As a Christ-follower, I have a different kind of debt. Like the Apostle Paul, I feel the weight of my obligation to all peoples. “I am debtor,” Paul wrote in Romans 1:14, “both to the Greeks, and to the Barbarians; both to the wise, and to the unwise.” A debt is an obligation. So, to whom was Paul obligated? Paul was certainly obligated to Christ for his salvation. But, he was also obligated to all who do not know Christ.
The terms Greeks and Barbarians refer the Gentiles, among whom Paul hoped to have a harvest. However, Paul also desired to reach the wise, those who were lost because of their worldly wisdom, and the unwise or those considered unworthy to receive the gospel. These terms define the broad scope of Paul’s personal mission field.

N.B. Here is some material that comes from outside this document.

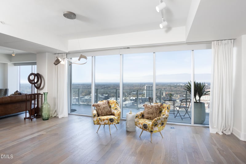 Listing details for 110 Corcoran St #2502, Durham, NC 27701 : Wake up in the clouds and have your breath taken away at sunset as you soak in Durham's gorgeous skyline. Experience luxury living in the heart of Downtown Durham at One City Center. Just steps from award-winning restaurants, The Carolina Theatre, DPAC, Central Park's lively events, and the weekly farmers market, this premier high-rise offers the best of city living. Residents enjoy top-tier amenities, including a state-of-the-art gym, rooftop pool, hot tub, dog run, multiple outdoor grilling and entertainment areas, and a stunning top-floor clubroom with panoramic 360-degree views. Onsite security ensures comfort and peace of mind. In order to maintain the luxury experience residents are accustom to, the HOA has recently approve a facelift for the 28th floor club room to update all the furnishings, replace the outdoor furniture on the 6th floor outdoor area as well as update the security system and cameras. Perched on the 25th floor, featuring floor-to-ceiling, wall-to-wall windows showcasing unparalleled views of Durham, Chapel Hill, and beyond. This west-facing home is perfectly positioned for breathtaking sunsets. The chef's kitchen is equipped with top-of-the-line Wolf appliances, including a gas range and microwave drawer, a Sub-Zero refrigerator, and an in-unit washer/dryer. Thoughtfully designed custom built-ins include a spacious primary closet, a 10-foot buffet, and a beautifully crafted bookcase in the second bedroom, making it ideal as a library, den, or guest room. This exceptional home is truly one of Durham's most unique and sought-after residences. Whether you are enjoying a morning cup of coffee or an evening cocktail, this home offers a feeling of peace and belonging that you really need to experience to understand. We hope you visit this condo in the clouds and see for yourself.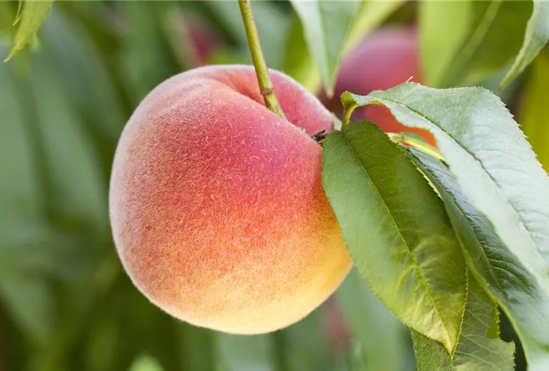Wer ein schmackhaftes und saftiges Obst im Sommer ernten und genießen möchte, der sollte sich für einen Pfirsichbaum entscheiden. Pfirsiche können direkt vom Baum gegessen werden, lassen sich aber auch gut und vielfältig verarbeiten wie zum Beispiel als Saft, Marmelade oder als Kuchenbelag. Der Pfirsichbaum stammt ursprünglich aus Asien, ist aber bereits seit dem Mittelalter nicht nur im gesamten Orient, sondern auch im Mittelmeerraum als begehrtes Obstgehölz verbreitet. Seit dem 19. Jahrhundert sind Pfirsichbäume auch zunehmend in den Gärten Mitteleuropas zu finden. Bei den ebenfalls beliebten Nektarinen, die eine glatte Schale haben, handelt es sich um eine Variante des Pfirsichs. Wer einen sonnigen Platz im Garten hat, der wird mit etwas Pflege viele leckere Pfirsiche ernten können.

Paul understood that Christ had already “broken down the dividing wall” (Ephesians 2:14) between Jews and Gentiles. And he believed that God had called him to carry the message of reconciliation through Christ to all peoples. He owed it to them. Those who know Christ are indeed in debt or obligated to take the gospel to those who do not know Christ. In other words, those who know Christ owe Christ to all people.
John R. Mott, a leader of the Student Volunteer Movement at the turn of the twentieth century, understood what it meant to be a debtor. In a speech that he gave in April 1901, Mott challenged his audience to come to grips with the fact that not only do all people need Christ, but that we owe Christ to all people. “To have a knowledge of Christ,” Mott said, “is to incur a tremendous responsibility to those that have it not.”
Unless we understand that the gospel concerns all people, we will likely never feel the weight of our obligation to the nations. Mott reminded his audience, “You and I have received this great heritage, not to appropriate it to our exclusive use, but to pass it on to others. … What a colossal crime against two-thirds of the human race to withhold this surpassing knowledge!” Withholding the gospel from others is indeed a colossal crime, one with eternal ramifications.
When considering our debt to all peoples, we must think and act strategically. Today, more than 6,600 people groups are still waiting to hear the good news. We have the resources and the capability to take the gospel to all peoples. In Mott’s words, “God forbid that we should lack vision in these days to take advantage of the tide that is rising to sweep multitudes into the all-embracing kingdom of Jesus Christ.” May we be dominated by the conviction that we must stop at nothing until we have paid our debt.